Отец сдержал слово. Не знаю, как он этого добился, но ко времени отъезда Лайама в Тару мои новости уже были известны и Лайаму, и Шону, и даже Конору, хотя он, возможно, и сам все знал. Я остро осознавала, как мой опыт отличается от пережитого Ниав. Поступок сестры встретил холодное неодобрение, жесткое осуждение, изгнание, поспешный, постылый брак. Мое же положение просто приняли к сведению, словно мой ребенок уже стал частью Семиводья. Я нарушила гораздо более серьезные правила, нежели Ниав. Я никак не могла понять, почему родственники посчитали Киарана настолько неподходящим для сестры, а главное, почему держали в тайне причины подобного решения. Там речь даже не шла о ребенке. И все же Ниав не получила ни капли той любви и тепла, что окружали меня. Это было ужасно несправедливо. Я постоянно чувствовала, как сестра скованно движется по дому, наглухо укрывшаяся за своей невидимой стеной, с бессмысленными глазами, с вечно скрещенными на груди руками или со сжатыми кулаками, словно она ни на минуту не может ослабить оборону, словно считает нас всех врагами.

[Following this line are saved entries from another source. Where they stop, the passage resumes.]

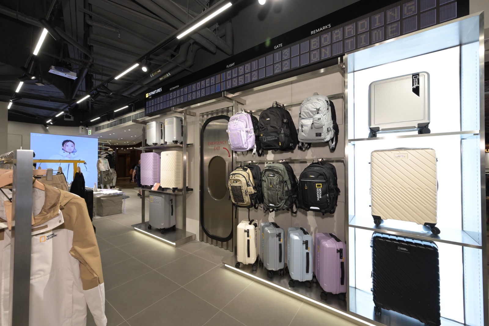 旗艦店設(shè)計上充滿「旅行」細節(jié),設(shè)置了模仿機場代表性位置的打卡位,銀灰色調(diào)恍如置身客運大樓。店舖設(shè)置不同電子藝術(shù)裝置展示大自然景觀,壯麗的自然風(fēng)景影像與最新服飾在光影交織下,呈現(xiàn)出大自然與時尚交匯之美。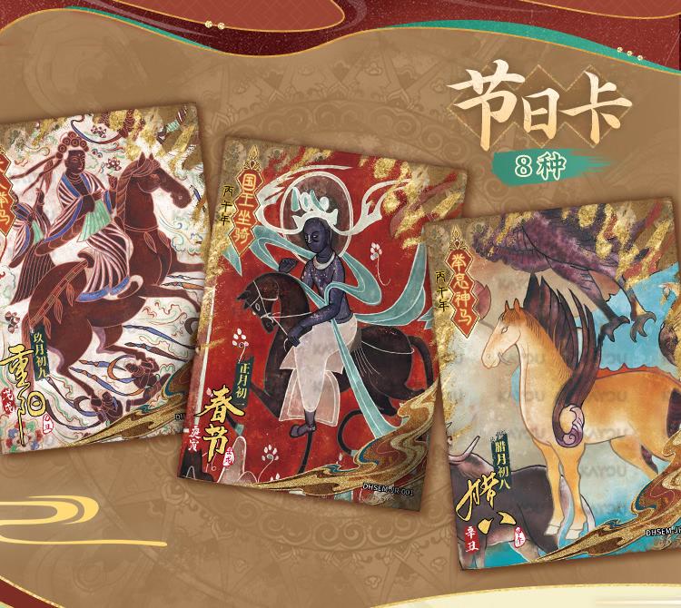 从壁画中的线条韵律到卡牌上的视觉呈现,从月份流转的时间刻度到收藏纪念的情感价值,这套作品巧妙实现了艺术欣赏、与文化收藏的双重赋能,让千年敦煌文化以可触、可感、可藏的形式,走进年轻群体的日常生活。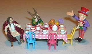 Minnie Maria (see previous post Rackham Alice Miniatures) has come up with a new batch of minatures: the entire Mad Tea Party.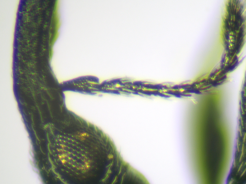 Ceratapion onopordi showing close-ups of pronotum and base of elytra, antenna, and rostrum and frons, Wendling Beck Environment Project (Norfolk, UK), 21st July 2023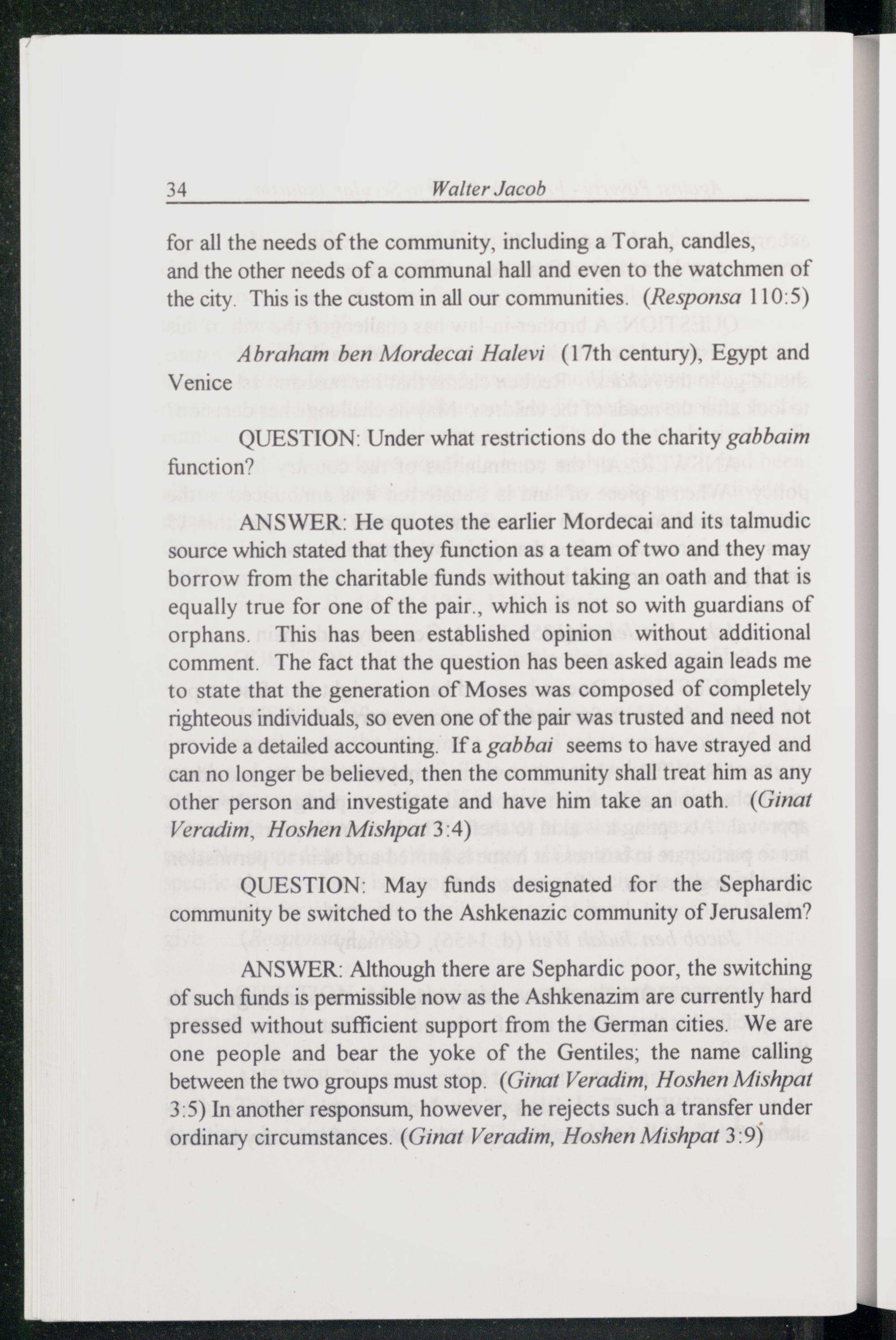 ANSWER: Although there are Sephardic poor, the switching of such funds is permissible now as the Ashkenazim are currently hard pressed without sufficient support from the German cities. We are one people and bear the yoke of the Gentiles; the name calling between the two groups must stop.(Ginat Veradim, Hoshen Mishpat 3:5) In another responsum, however, he rejects such a transfer under ordinary circumstances.(Ginat Veradim, Hoshen Mishpat 3:9)

Несмотря на несправедливость подобного положения, я была глубоко благодарна отцу за то, что он столь волшебно облегчил мне жизнь. Новости распространяются быстро. Перед ужином я спустилась вниз и встретилась в зале с Жанис, она как раз проверяла, достаточно ли на столе бокалов, блюд и ножей. Казалось, у Жанис нет возраста. Она нянчила еще мою мать, наверное, она была ужасно старой, но темные глаза все еще загорались интересом от всего нового, а волосы, свернутые на затылке в тугой узел, были чернее воронова крыла. Она происходила из цыганской семьи, но обосновалась в Семиводье уже очень давно. И здесь ее считали за свою.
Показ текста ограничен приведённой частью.